This paper will present an innovative new methodology for realtime monitoring of bit condition – and hence drilling efficiency - using surface measurement of alkene gases artificially created at-bit by the bit as its condition deteriorates.

A drop in ROP can be an effect of a variety of causes, often disparate in nature. Can performance be improved by a change in drilling parameters and, if so, for how much further will these parameters remain effective? Is there some form of drilling dysfunction that is resulting in inefficient transfer of energy into drilling action? Is there a change in lithology and, if so, is the bit still appropriate and viable in this new formation? Or is the bit simply approaching the end of its useful life through wear earlier than anticipated, in which case at what point does it become less economic to continue drilling at low ROP and POOH instead?

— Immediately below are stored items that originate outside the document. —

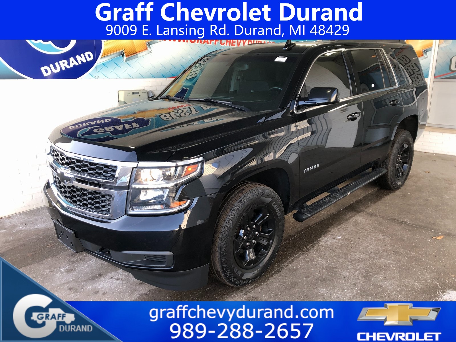 Comments: 2019 Chevrolet Tahoe LS EcoTec3 5.3L V8 6-Speed Automatic Electronic with Overdrive BlackVehicle features include: 4WD, Jet Black Cloth, 1st & 2nd Row Color-Keyed Carpeted Floor Mats, 2 Front Frame-Mounted Black Recovery Hooks, 2nd Row 60/40 Split-Folding Manual Bench, 3rd Row Manual 60/40 Split-Folding Fold Flat Bench, 3rd Row Passenger Seat Delete, 4-Wheel Antilock Disc Brakes w/Brake Assist, 5 12-Volt Auxiliary Power Outlets, Black Assist Steps, Black Tubular Assist Steps, Cargo Net, Color-Keyed Carpeting Floor Covering, Custom Midnight Edition, Electronic Cruise Control w/Set & Resume Speed, Extended-Range Remote Keyless Entry, Front & Rear Black Bowties, Front Passenger 6-Way Power Seat Adjuster, Leather-Wrapped Steering Wheel, Preferred Equipment Group 1LS, Premium Smooth Ride Suspension Package, Rear Park Assist w/Audible Warning, Remote Vehicle Start, Roof-Mounted Luggage Rack Side Rails, SiriusXM Radio, Wheels: 18 Black Painted Aluminum.Recent Arrival!Awards: * JD Power Initial Quality Study * 2019 KBB.com Best Resale Value AwardsAt Graff Chevrolet in Durand, we want to revolutionize the car buying experience by making it fun. After all, getting behind the wheel of a new car should be exciting!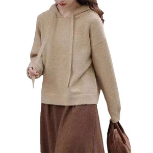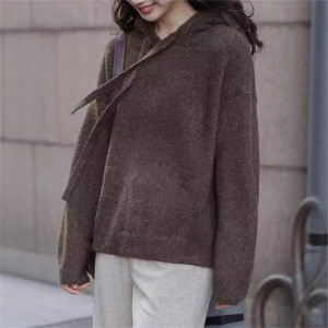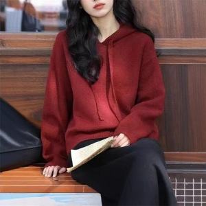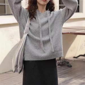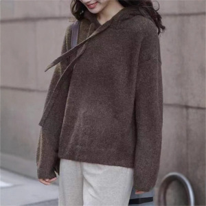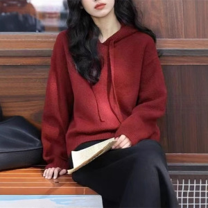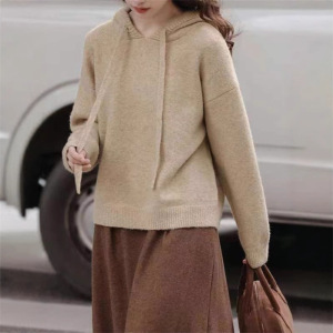 跨境连帽套头毛衣女2025春秋新款韩版宽松慵懒风针织衫长袖女上衣
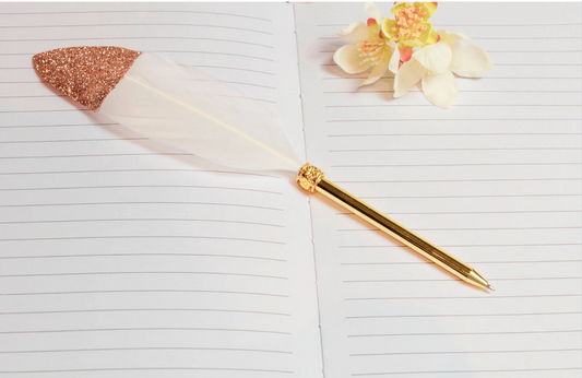 Feather tipped pen, Rose Gold Tipped, gift idea, Wedding Guest Book pen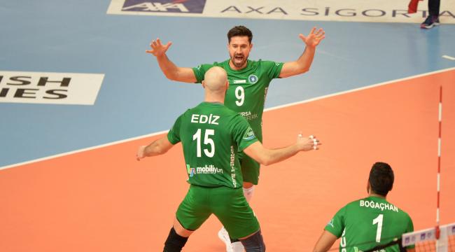 Bursa Büyükşehir Belediyespor Kulübü Erkek Voleybol Takımı, AXA Sigorta Kupa Voley birinci tur rövanş maçında İnegöl Belediyespor’u 25-19, 25-21, 25-19 setlerle önce 3-0 ardından altın sette 15-10 geçerek çeyrek finale yükseldi.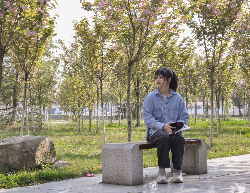 在校園櫻花樹下相遇

The decision to POOH to change a bit that is perceived to be under-performing can be costly if the bit is found to be in workable condition and the trip is therefore premature. Unnecessary trips are a major source of non-productive time (NPT) so any trusted source of indicative information on bit condition adds valuable context and confidence to operational decision-making.

Realtime monitoring of contaminant alkenes provides timely indications to drillers of the degree of bit wear, mitigating invisible lost time (ILT) through excessive prolongation of an ineffectual dulled bit run, and reducing the risk of its potentially catastrophic failure. Field-based case histories are presented supporting the complementary relationship of alkene generation to other indicators of inefficient drilling, how alkene presence can assist in drilling dysfunction diagnosis, and a prototype of a software application based on alkene levels that informs decision-makers of the ‘tipping point’ at which objective commercial factors support pulling a dull bit.